- _Work instruction_: Please write out every line of the listing without alteration, but omit the images.

- _Supplied data_:

== Segment start ==

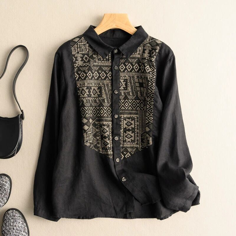 クリアランス漏れ〜カウンター大手ブランドが最後の在庫を撤回、ラベルをカット、レディースレトロパッチリネントップ、コットンとリネンの長袖シャツ ロング sine75793770608
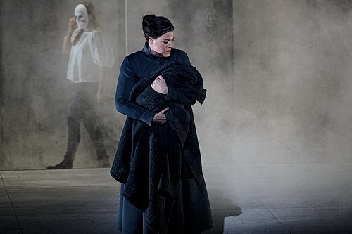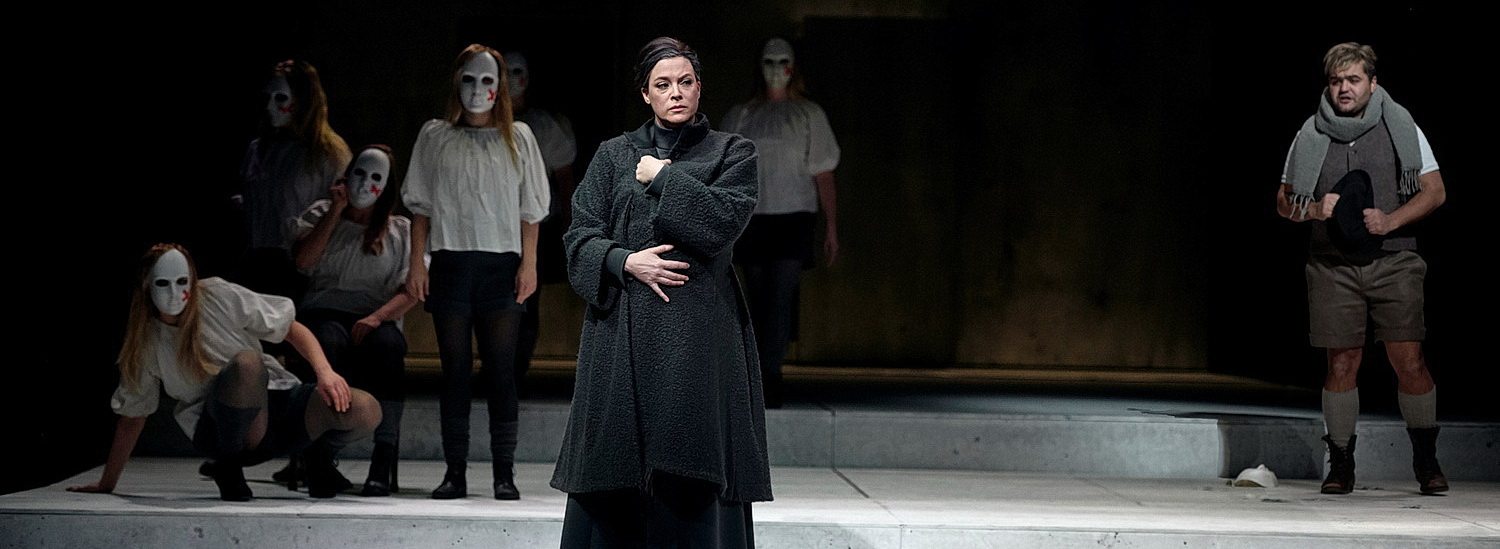 Die rurale Gemeinschaft, in der das Drama um Liebe, Zurückweisung und Verrat seinen unheilvollen Lauf nimmt, ist in der entrümpelten, kühlen Lesart kein mährisches Dorf um 1900, sondern lediglich ein Echo einer vergangenen Zeit. Die Thematik um eine Kindstötung könnte sich genauso gut im Hier und Jetzt abspielen. Höckmayr präsentiert eine schlüssige Personenführung, die sich noch dadurch verstärkt, dass einzig die Figuren agieren, die etwas zu sagen respektive zu singen haben. Maskenbefreit notabene. Die anderen Gestalten verharren mit ihrer Larve im Freeze in einer Art Schockstarre – den schaurigen Lauf der Dinge vorausahnend. Nichts sehen, nichts hören, nichts sagen. Die Sitten und Gebräuche dieser eingeschworenen Eintracht mit ihren lebensfeindlichen Zwängen sind evident. Christian Aufderstroth am Licht schafft dazu die passende Stimmung, in dem er den Raum selten verdunkelt, sondern die Akteure ausleuchtet und somit auch bloßstellt.
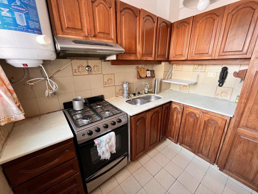 Cocina funcional con muebles de guardado.
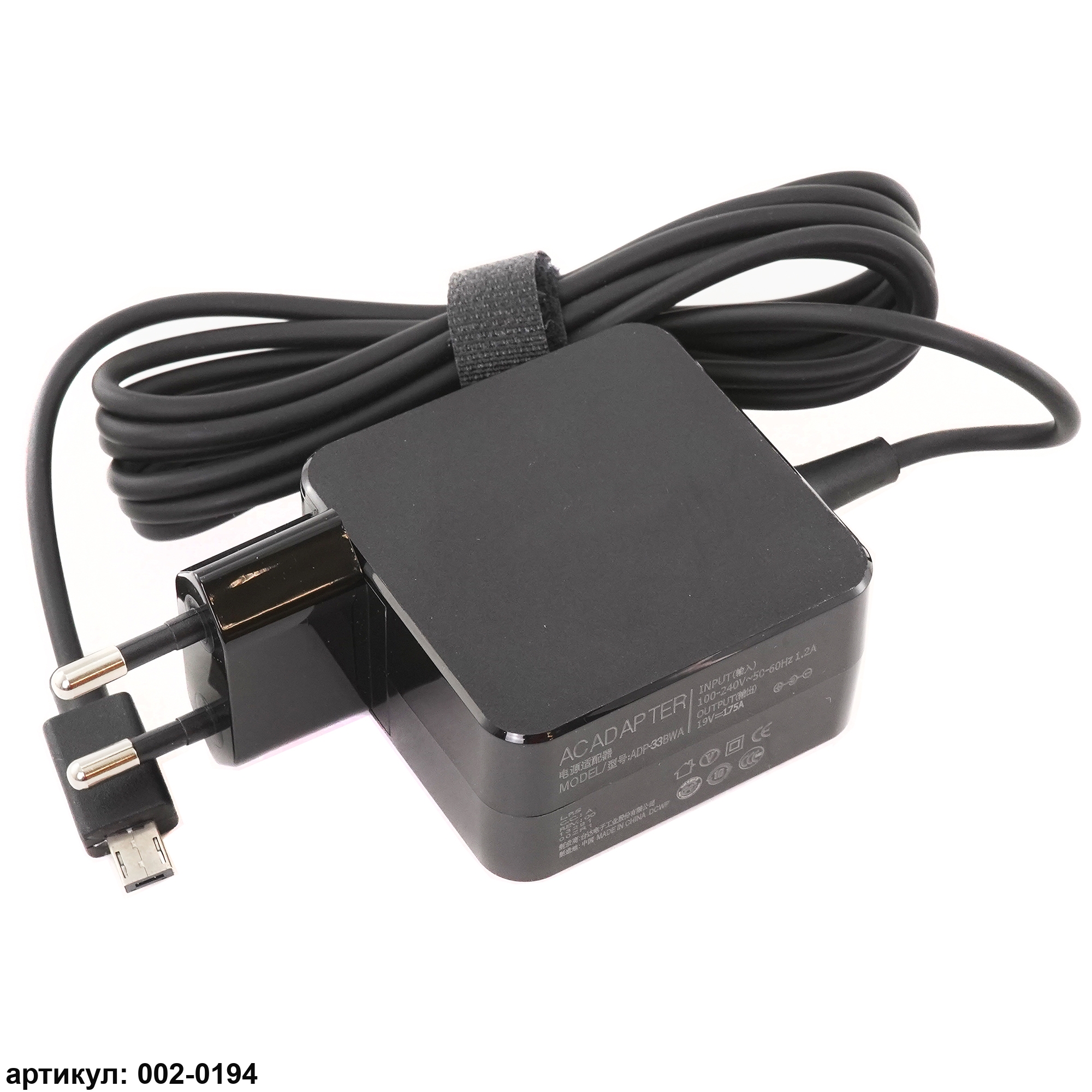 Asus 19V 1.75A (33W) прямоугольный разъем, вилка сбоку (квадратная)

== Segment end ==

- _Answer for the task_:
 クリアランス漏れ〜カウンター大手ブランドが最後の在庫を撤回、ラベルをカット、レディースレトロパッチリネントップ、コットンとリネンの長袖シャツ ロング sine75793770608
 Die rurale Gemeinschaft, in der das Drama um Liebe, Zurückweisung und Verrat seinen unheilvollen Lauf nimmt, ist in der entrümpelten, kühlen Lesart kein mährisches Dorf um 1900, sondern lediglich ein Echo einer vergangenen Zeit. Die Thematik um eine Kindstötung könnte sich genauso gut im Hier und Jetzt abspielen. Höckmayr präsentiert eine schlüssige Personenführung, die sich noch dadurch verstärkt, dass einzig die Figuren agieren, die etwas zu sagen respektive zu singen haben. Maskenbefreit notabene. Die anderen Gestalten verharren mit ihrer Larve im Freeze in einer Art Schockstarre – den schaurigen Lauf der Dinge vorausahnend. Nichts sehen, nichts hören, nichts sagen. Die Sitten und Gebräuche dieser eingeschworenen Eintracht mit ihren lebensfeindlichen Zwängen sind evident. Christian Aufderstroth am Licht schafft dazu die passende Stimmung, in dem er den Raum selten verdunkelt, sondern die Akteure ausleuchtet und somit auch bloßstellt.
 Cocina funcional con muebles de guardado.
 Asus 19V 1.75A (33W) прямоугольный разъем, вилка сбоку (квадратная)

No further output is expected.